**TASK TO COMPLETE:** Begin at the top of the records below and return each line exactly through the line with "JR加古川駅構内のまち案内所". Skip pictures.

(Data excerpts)

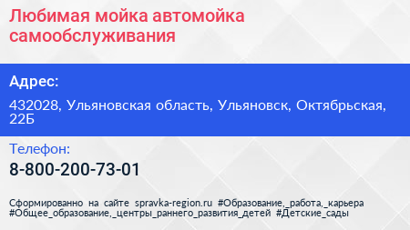 Любимая мойка, автомойка самообслуживания по адресу 432028, Ульяновская область, Ульяновск, Октябрьская, 22Б в дальнейшем Организация, размещена в следующих категориях:
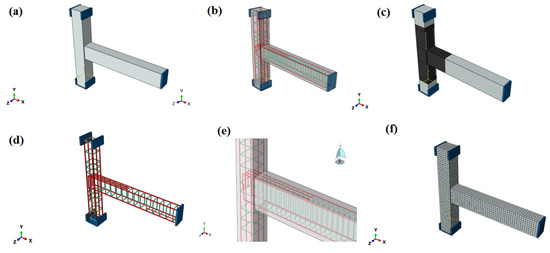 3D finite element model for the analysis of NSCBCJ- and CFRPC-integrated NSCBCJs. (a) NSCBCJ specimen, (b) seismic specimen, (c) one and two layers of the CFRPC specimen, (d) longitudinal and transverse reinforcement of the NSCBCJ specimen, (e) longitudinal and transverse reinforcement of the seismic specimen, and (f) mesh of all models.
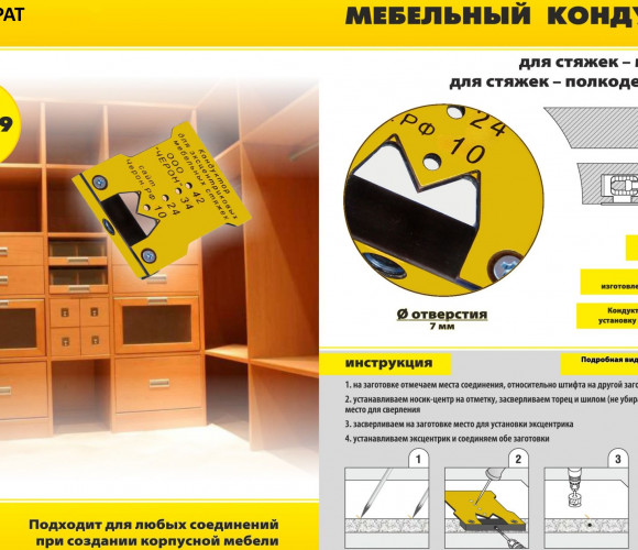 Мебельный кондуктор для эксцентриковых стяжек (минификс), стяжек-полкодержателей МК-09
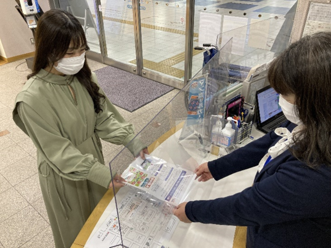 JR加古川駅構内のまち案内所で、先着100名様に、遊び方を記載したチラシとともに配布しましたが、好評のうちに100枚全て配布が完了いたしました。
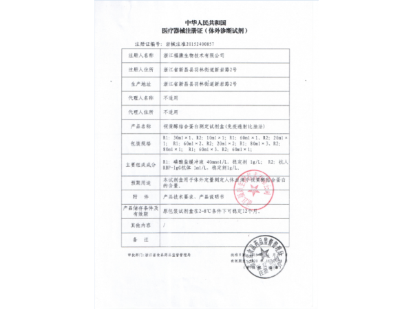 本試劑用于體外定量測定人體血清中視黃醇結(jié)合蛋白的含量。[適用儀器]適用于日立7180型、奧林帕斯AU400型、貝克曼DX800型、雅培C1
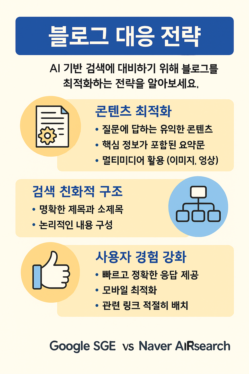 AI 검색 시대에 블로그가 살아남기 위해서는 단순히 SEO 최적화에 머물러서는 부족합니다. 콘텐츠 자체의 신뢰성과 맥락성, 그리고 AI가 인식하기 좋은 구조화가 필요합니다.
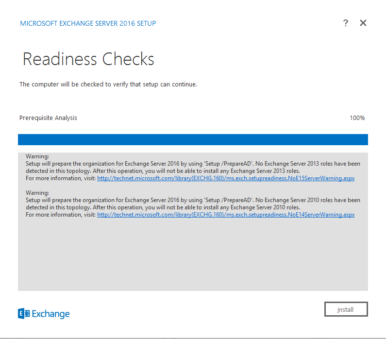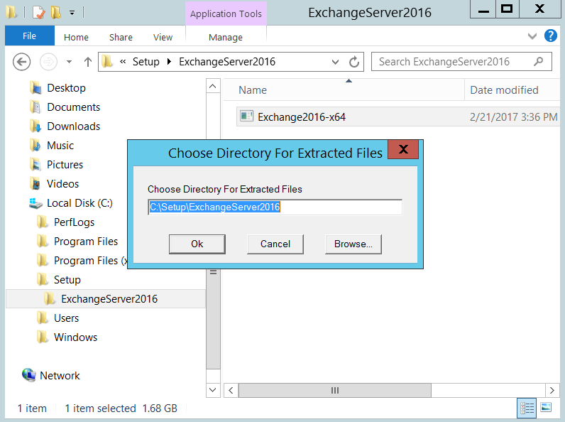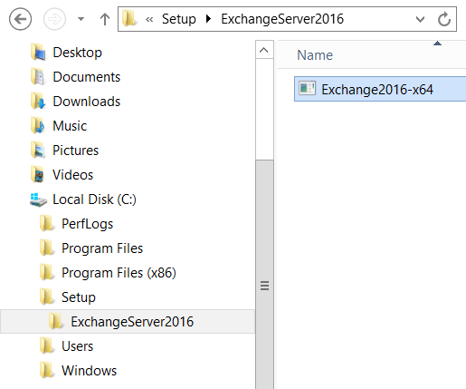 Run the setup.exe file located in the c:\setup\Exchange2016 folder. This will open the installation wizard which will check for prerequisites and install Exchange Server 2016.
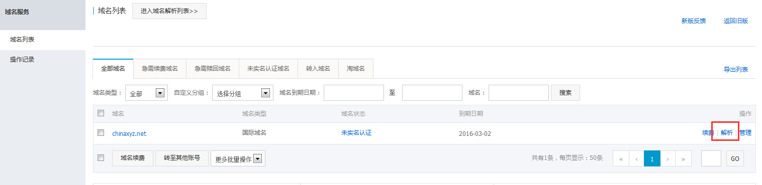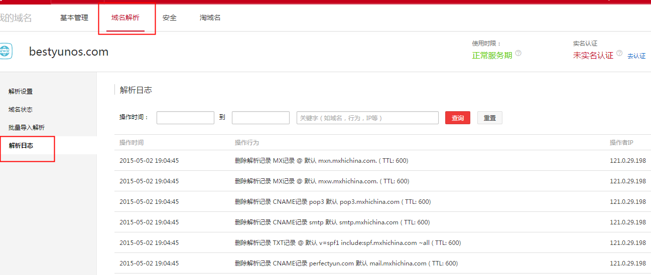 选择域名解析,进入解析日志,就可以看到域名解析日志
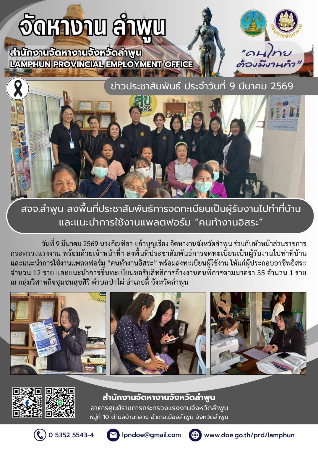 วันที่ 9 มีนาคม 2569 นางภัณฑิลา แก้วบุญเรือง จัดหางานจังหวัดลำพูน ร่วมกับหัวหน้าส่วนราชการกระทรวงแรงงาน และเจ้าหน้าที่ฯ ลงพื้นที่ประชาสัมพันธ์การจดทะเบียนเป็นผู้รับงานไปทำที่บ้าน และแนะนำการใช้งานแพลตฟอร์ม “คนทำงานอิสระ” พร้อมลงทะเบียนผู้ใช้งาน ให้แก่ผู้ประกอบอาชีพอิสระ จำนวน 12 ราย และแนะนำการขึ้นทะเบียนขอรับสิทธิการจ้างงานคนพิการตามมาตรา 35 จำนวน 1 ราย ณ กลุ่มวิสาหกิจชุมชน สุขสิริ ตำบลป่าไผ่ อำเภอลี้ จังหวัดลำพูน
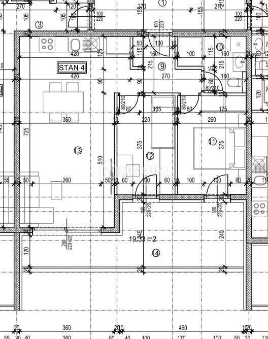 Stan je dvosoban i sastoji se od hodnika, dvije spavaće sobe, kupaonice, dnevnog boravka s kuhinjom i blagovaonicom te terase, koja predstavlja idealno mjesto za opuštanje i boravak na otvorenom.
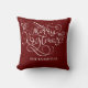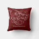 Saudação MERRY CHRISTMAS em uma tipografia elegante e moderna de escrita de caligrafia na sua escolha de cores (mostrada em branco sobre vermelho escuro). Personalize este travesseiro decorativo com o nome da sua família para personalizar o seu decoro de férias. ASSISTÊNCIA: Para obter ajuda sobre modificação ou personalização do design, alteração de cor, transferência do design para outro produto ou se você quiser coordenar itens, entre em contato com o designer ANTES DE ENCOMENDAR, por meio da guia MENSAGEM de bate-papo Zazzle abaixo ou envie um e-mail para makeitaboutyoustore@gmail.com.

**TASK SOLUTION:**
 Любимая мойка, автомойка самообслуживания по адресу 432028, Ульяновская область, Ульяновск, Октябрьская, 22Б в дальнейшем Организация, размещена в следующих категориях:
 3D finite element model for the analysis of NSCBCJ- and CFRPC-integrated NSCBCJs. (a) NSCBCJ specimen, (b) seismic specimen, (c) one and two layers of the CFRPC specimen, (d) longitudinal and transverse reinforcement of the NSCBCJ specimen, (e) longitudinal and transverse reinforcement of the seismic specimen, and (f) mesh of all models.
 Мебельный кондуктор для эксцентриковых стяжек (минификс), стяжек-полкодержателей МК-09
 JR加古川駅構内のまち案内所で、先着100名様に、遊び方を記載したチラシとともに配布しましたが、好評のうちに100枚全て配布が完了いたしました。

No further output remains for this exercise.